Despite operating in one of the more flooded markets today, Starbucks successfully created a distinct and highly sought-after product. The brand's signature green siren has become the universally-recognized emblem for a premium coffee drink, and a beacon inviting customers to return again and again for a superior cafe experience.

By creating a modern and welcoming space for people to gather, Starbucks promotes a sense of community that embodies its mission statement to "inspire and nurture the human spirit–one person, one cup, and one neighborhood at a time." 

Building a Brand That Influences Culture

Consumers often grow apprehensive in accepting new and unrecognizable brands. In fact, studies show that Americans only trust around 22% of brands today. However, when it's believed that a company contributes to a greater good, 45% of individuals stated that they would trust a company more.

This is why for entrepreneurs embarking on a new business venture, establishing a strong purpose is a must. One company that really gets this is Skin is Skin. Before starting the brand, Magatte Wade saw an opportunity for entrepreneurship to create positive change. She set out to determine how to build a brand that would promote more than just a product.

For entrepreneurs embarking on a new business venture, establishing a strong purpose is a must.

Thus, "the lip balm with a mission" was born, with the purpose of reducing racial discrimination and creating jobs in Wade's home country, Senegal.
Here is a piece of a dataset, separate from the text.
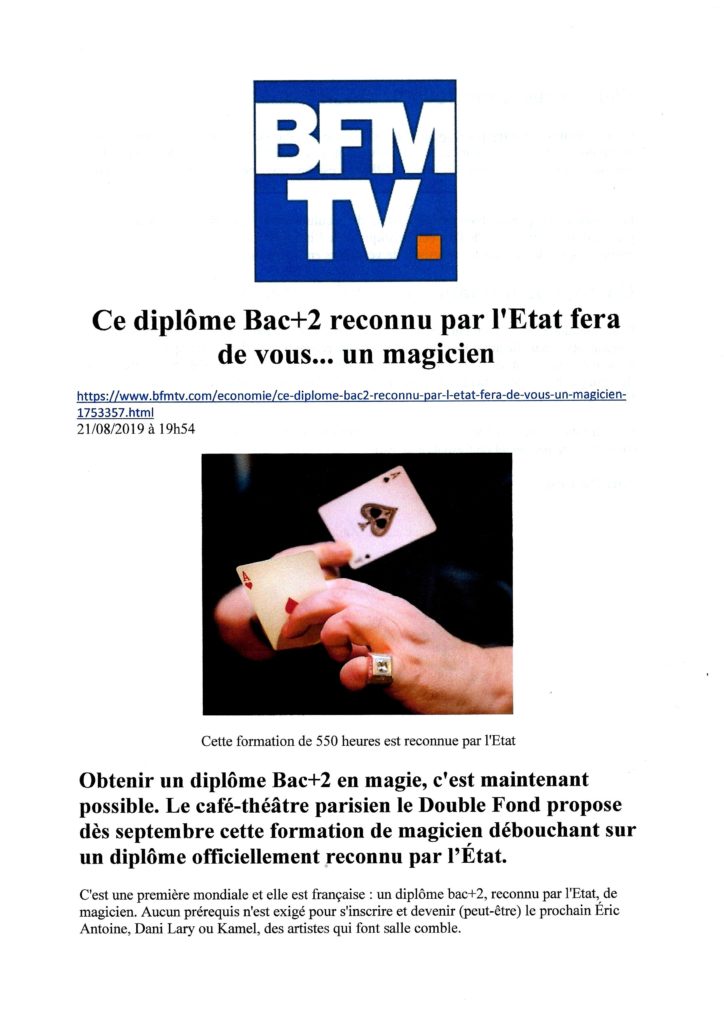 Ici un reportage sur RFI : https://soundcloud.com/user-696416829/le-journal-de-9h00-2408-sujet-la-premiere-formation-de-magicien-reconnue-par-letat

One of Forbes' 20 Youngest Power Women in Africa, Wade built on her experience creating high-end retail brands to start the premium lip balm line.
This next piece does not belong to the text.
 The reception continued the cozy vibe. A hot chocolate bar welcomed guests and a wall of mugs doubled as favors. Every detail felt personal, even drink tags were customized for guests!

"Some companies go looking for a cause. We were a cause looking for a product," tells Wade. "It is not just a lip balm. It not only has to take care of your lips but also has to do this big job of being your conscience and at the same time, it is giving jobs to people back home in Africa."
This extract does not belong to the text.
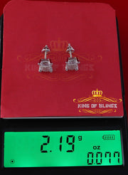 Presented as new with tags in the original packaging, these Silver Diamond earrings are ready to add a touch of sophistication to any outfit, making them a perfect choice for those seeking a combination of style and quality appealing to both men and women with their captivating sparkle. rest assured that the "King Of Blings" brand guarantees exceptional craftsmanship and materials. these womens stud earrings make a perfect gift or a stylish addition to your own jewelry collection,

While so many businesses view their products as a means to an end of generating revenue, Wade saw public service as the ultimate goal. Putting an end to stereotypes based on skin color is infused in everything the company does: from its branding, to where materials are sourced, to how 50% of profits are donated.

"Brands are some of the most powerful tools that we have out there to build a culture."

Magatte Wade

Rather than simply selling a lip balm, Skin is Skin offers an opportunity for customers to play their part in enacting change. The lip balm's bright and colorful packaging serves as a reminder to be mindful of personal biases.

Businesses have the power to become a force for social good in the world, and Magatte Wade is harnessing that power to leave her mark on society. "Brands are some of the most powerful tools that we have out there to build a culture," Wade says. She hopes her mission-oriented business will be a model to other entrepreneurs of how capitalism can be used as a tool for driving positive change.

The most successful entrepreneurs start their businesses not because they want to strike it rich, but because they see a problem around them which they want to fix. When both purpose and profit are made a priority, rather than one over the other, running a business is much more rewarding.